• [Work item]
Give back the data exactly, with no images.
[Start of Attachment]
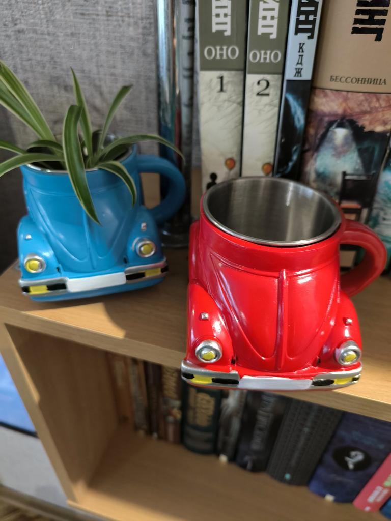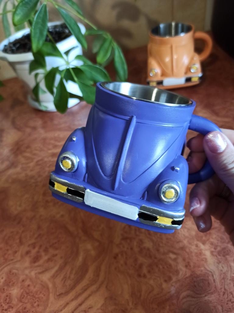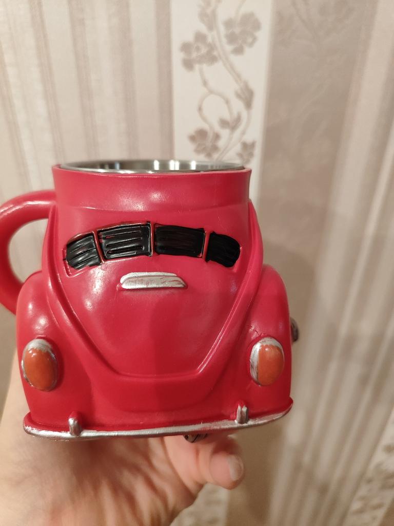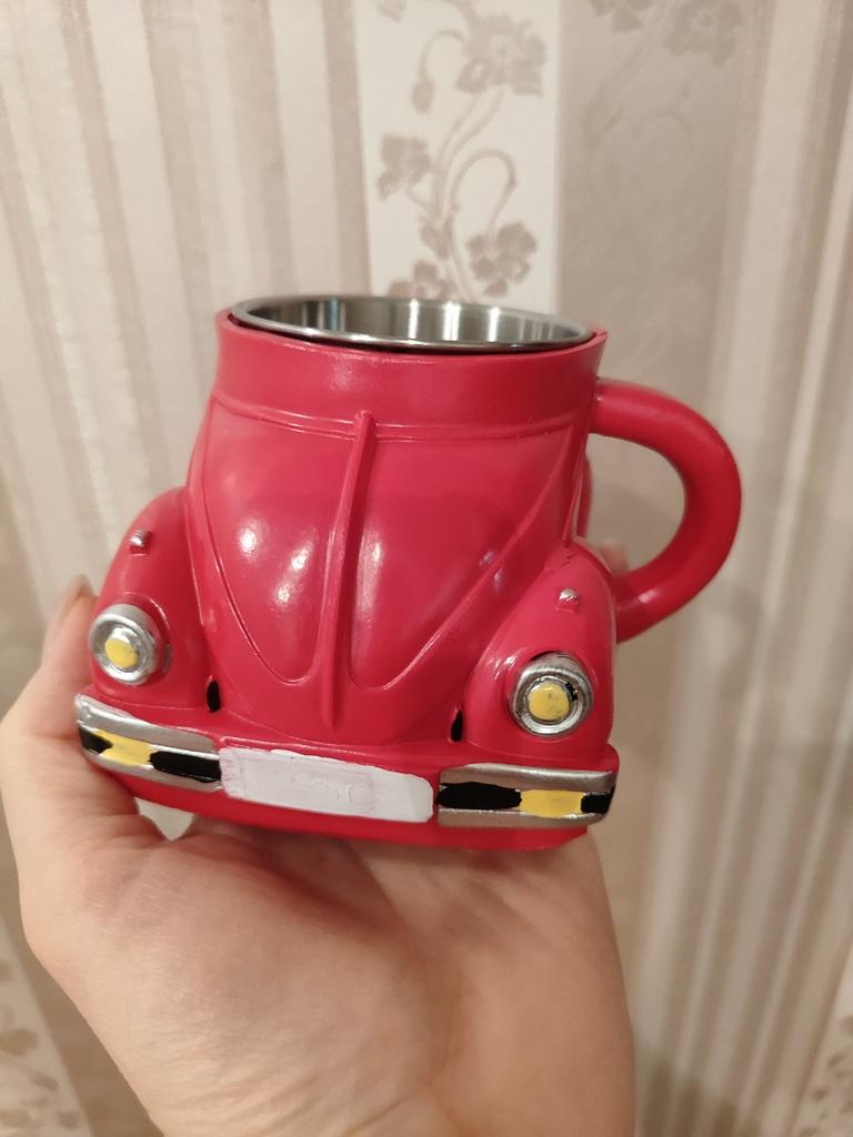 ❤️👍I want to share a review of an unusual cup that immediately caught attention with its original design. It looks like a car. This design will surely appeal to car enthusiasts or simply those who appreciate creative things. The top of the cup is made of plastic, and this is felt to the touch – the surface is smooth, but not too heavy. Due to this, the cup itself is relatively light, despite its massive appearance. The handle is comfortable, fits well in the hand, and it is pleasant to hold.. The inside is made so that it is convenient to pour drinks – the walls are smooth, without unnecessary protrusions. The volume is quite sufficient for a standard portion of tea or coffee.
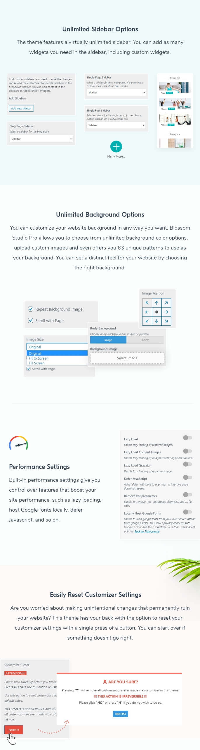 Are you worried about making unintentional changes that permanently ruin your website? This theme has your back with the option to reset your customizer settings with a single press of a button. You can start over if something doesn’t go right.
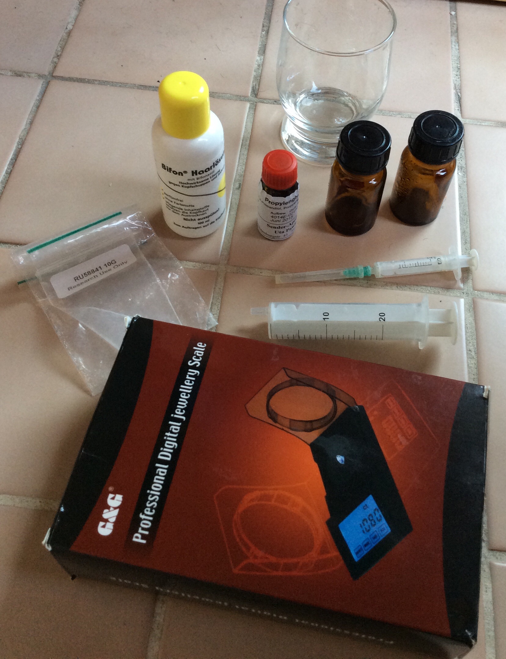 Kann's direkt da rausschütten und ganz gut portionieren. Als Gefäß für die fertige Lösung bin ich kürzlich von Braunglas auf Plastikflaschen umgestiegen (30ml). Die sind so leicht, dass ich die gleich als "Wiegegefäß" benutzen kann.
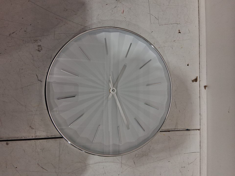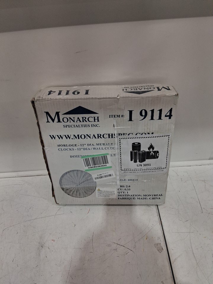 monarch specialties modern contemporary wall clock - 12" - chrome/white - (model: 9114)
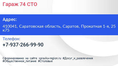 Гараж 74, СТО по адресу 410041, Саратовская область, Саратов, Прокатная 1-я, 25 к75 в дальнейшем Организация, размещена в следующих категориях:
[End of Attachment]
• [Your solution]
 ❤️👍I want to share a review of an unusual cup that immediately caught attention with its original design. It looks like a car. This design will surely appeal to car enthusiasts or simply those who appreciate creative things. The top of the cup is made of plastic, and this is felt to the touch – the surface is smooth, but not too heavy. Due to this, the cup itself is relatively light, despite its massive appearance. The handle is comfortable, fits well in the hand, and it is pleasant to hold.. The inside is made so that it is convenient to pour drinks – the walls are smooth, without unnecessary protrusions. The volume is quite sufficient for a standard portion of tea or coffee.
 Are you worried about making unintentional changes that permanently ruin your website? This theme has your back with the option to reset your customizer settings with a single press of a button. You can start over if something doesn’t go right.
 Kann's direkt da rausschütten und ganz gut portionieren. Als Gefäß für die fertige Lösung bin ich kürzlich von Braunglas auf Plastikflaschen umgestiegen (30ml). Die sind so leicht, dass ich die gleich als "Wiegegefäß" benutzen kann.
 monarch specialties modern contemporary wall clock - 12" - chrome/white - (model: 9114)
 Гараж 74, СТО по адресу 410041, Саратовская область, Саратов, Прокатная 1-я, 25 к75 в дальнейшем Организация, размещена в следующих категориях:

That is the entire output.